In many cases, specific immunoglobulins have become the last and only means of saving patients when other treatments have proved ineffective. In 2020, with the beginning of the COVID-19 pandemic, the idea of developing a specific immunoglobulin against coronavirus also arose. Despite the appearance of the first working vaccines against SARS-CoV-2, it is possible that immunoglobulins will help save patients from severe complications and death. Even after a large-scale vaccination coverage is provided for the treatment of patients who have fallen ill for one reason or another, it will be necessary to treat, for example, those who have not had time to receive the vaccine, or those for whom vaccination is contraindicated.

How do antibodies work?

Antibodies are large proteins that are part of the human body's immune system. Each antibody has a high specificity and "works" against any one or several protein molecules or fragments of a microorganism external to the human body, called antigens.
Antibodies protect against bacteria, fungi, viruses, multicellular parasites, various poisons and foreign substances. Each antibody recognizes one or more specific antigens, binds to them, neutralizes them, and then activates other parts of the human immune system.

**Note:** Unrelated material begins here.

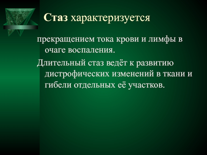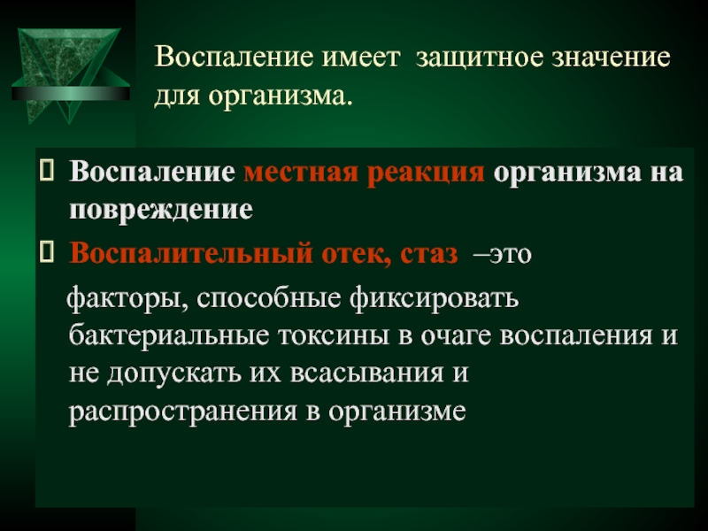 Воспаление имеет защитное значение для организма.Воспаление местная реакция организма на повреждение Воспалительный отек, стаз –это

"The molecule of each antibody can be conditionally represented in the form of the English letter Y. Its lower "stem" consists of two "heavy chains". "On top" there are "light chains" that form "horns" – it is in this part of the antibody that amino acid sequences unique to each antibody are contained, which provide kinship with "their own" antigen for each antibody," says Technology manager of the holding "Natsibio" Mikhail Razumikhin.

There are a huge number of different antibodies in the blood and other biological fluids of a person. Their totality can be called an immunoglobulin, which carries the "memory" of all the antigens that the body has ever encountered. Among the variety of antibodies in the human body, there are five main types.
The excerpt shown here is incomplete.